Page 184 - e-KLIPING KETENAGAKERJAAN 29 APRIL 2020
P. 184
Title PENUNDAAN KLASTER TENAGA KERJA DIANGGAP UNTUK REDAM GERAKAN BURUH
Media Name tempo.co
Pub. Date 28 April 2020
https://nasional.tempo.co/read/1336470/penundaan-klaster-tenaga-kerja- dianggap-
Page/URL
untuk-redam-gerakan-buruh
Media Type Pers Online
Sentiment Negative
Konfederasi Kongres Aliansi Serikat Buruh Indonesia (KASBI) menilai penundaan
klaster ketenagakerjaan harus diwaspadai sebagai upaya meredam sekaligus
memisahkan kaum buruh dari gerakan menolak omnibus law Rancangan Undang-
Undang atau RUU Cipta Kerja.
Ketua Umum Konfederasi KASBI Nining Elitos mengatakan buruh harus jeli dan
cerdas melihat ini.
"Berdasarkan pengalaman hanya angin yang diberikan, dalam praktiknya akan
merugikan masyarakat luas," ujar Nining kepada Tempo, Selasa, 28 April 2020.
Nining mengatakan, kaum buruh harus tetap bersama-sama melihat omnibus law
RUU Cipta Kerja sebagai persoalan rakyat secara keseluruhan.
Ia mengingatkan bahwa yang merugikan buruh bukan hanya berasal dari klaster
ketenagakerjaan saja, tetapi sekaligus dari eksploitasi sumber daya alam dan pasar
Indonesia.
"Jangan ada lagi pemisahan antara kaum buruh dan rakyat lainnya, kita sama-sama
akan menjadi korban nanti."
Nining mengatakan ditundanya pembahasan klaster ketenagakerjaan dari RUU Cipta
Kerja itu bukan solusi, melainkan cuma ilusi. Ia menilai tak ada bedanya jika hanya
menunda atau mengeluarkan klaster ketenagakerjaan dari pembahasan.

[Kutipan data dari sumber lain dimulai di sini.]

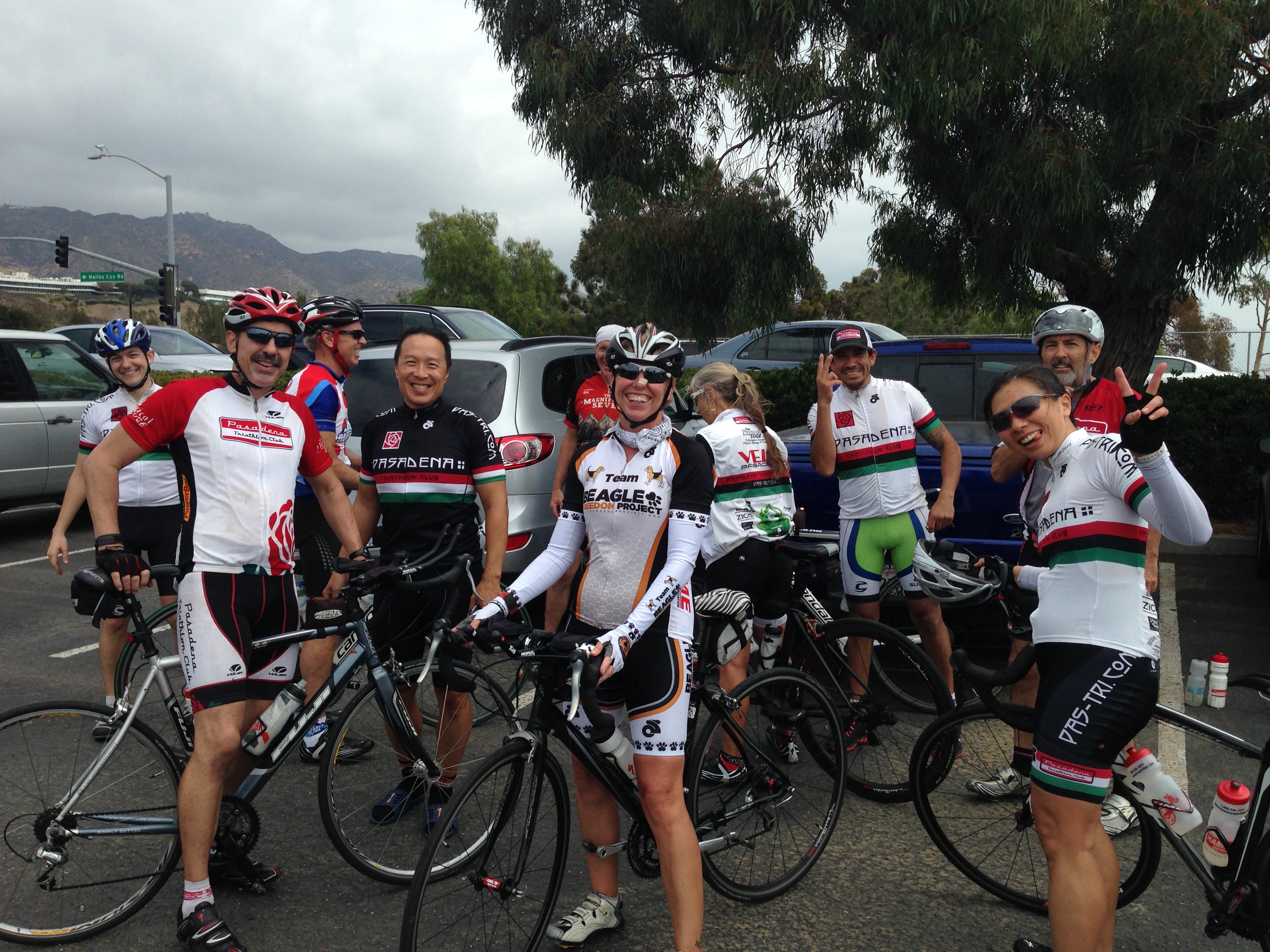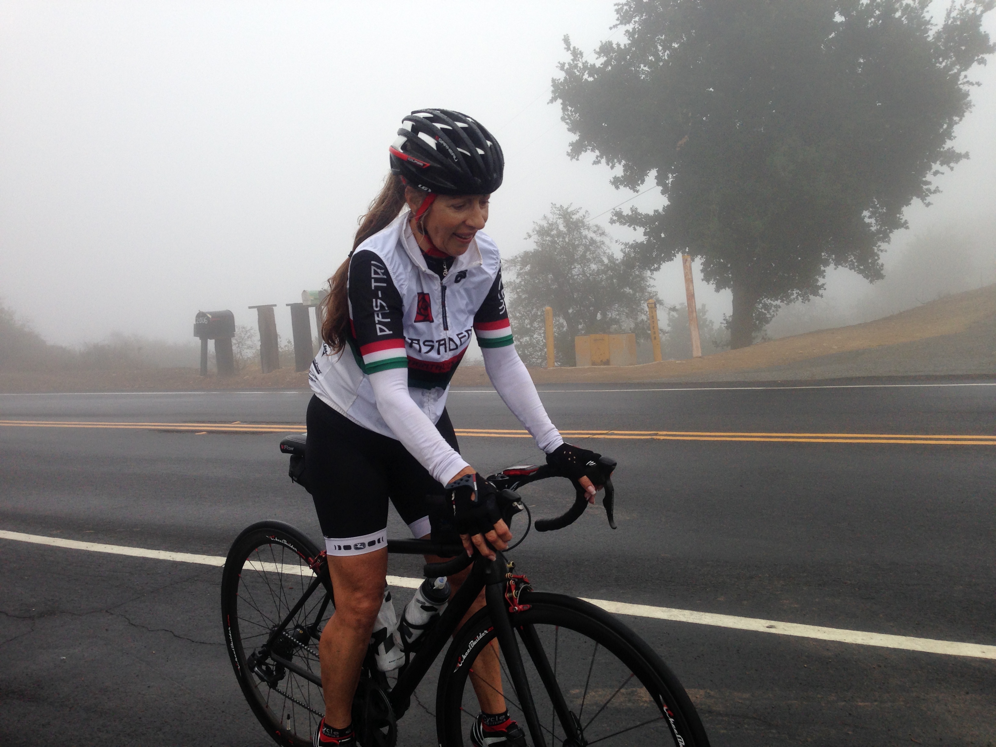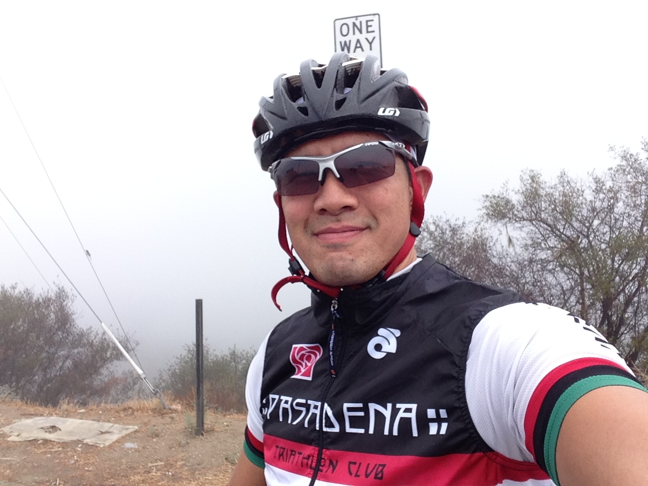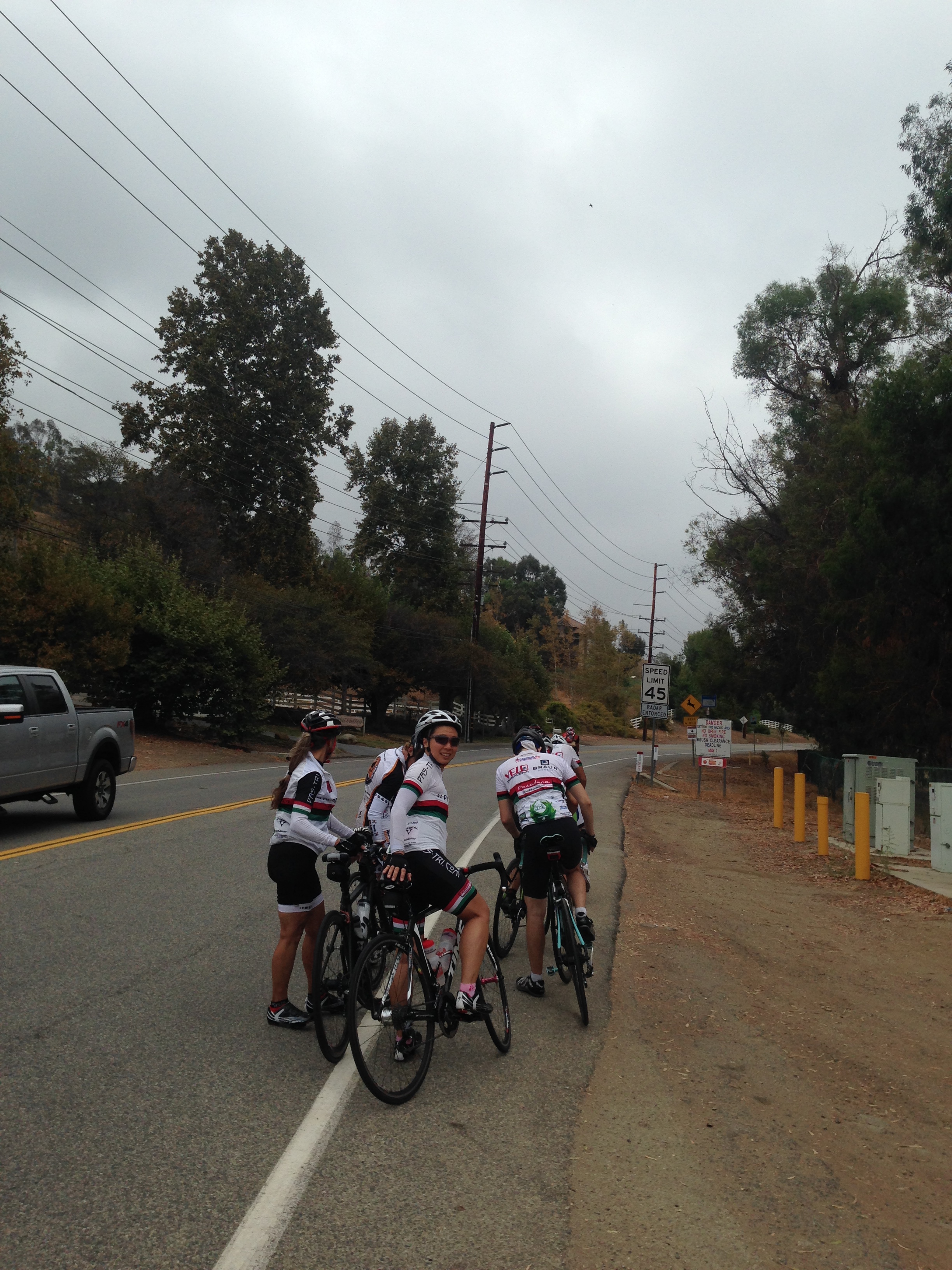 We started at Park across Pacific Coast Highway from Pepperdine University. Riding northbound, we climbed up Latigo Canyon, which is 6-8% steep and 7 miles long. The weather was cloudy. Could be cold, could be misty, could rain! We found out that it would be all of the above. Luckily I had my new PTC vest to keep me dry. The mist turned to drizzle turned to rain. We were pretty soaked by the top of Latigo. Rock Store descent was very wet. We took if slow. It’s one of my favorite descents. No pics cuz it was scary wet. Alvin had a mechanical with his shifters. We rode along Mulholland over to Stunt Canyon. Stunt is a shorter but steep climb, 3 miles, 8%. Fogged in at the top. Short descent and then climbing up Piuma, steep but short. Piuma descent is a 4 mile great descent. Ground was dry. That was good. On one of the hairpin turns Kirk went down and over a guard rail. He’s a tough cookie though. He got up and rode it out. He took quite a thumper on the chest, with the guardrail post.

Klaster-klaster lain dalam RUU Cipta Kerja juga memiliki daya rusak yang sama
dengan klaster ketenagakerjaan.
"Dikeluarkannya klaster ketenagakerjaan bukan sebuah solusi, toh ke depan tetap
akan ada pembahasan dan kita tahu kontennya sangat buruk."
Manajer Kampanye Pangan-Air dan Ekosistem-Esensial Wahana Lingkungan Hidup
Indonesia (Walhi), Wahyu A. Perdana mengungkapkan hal senada. Wahyu
Page 183 of 261.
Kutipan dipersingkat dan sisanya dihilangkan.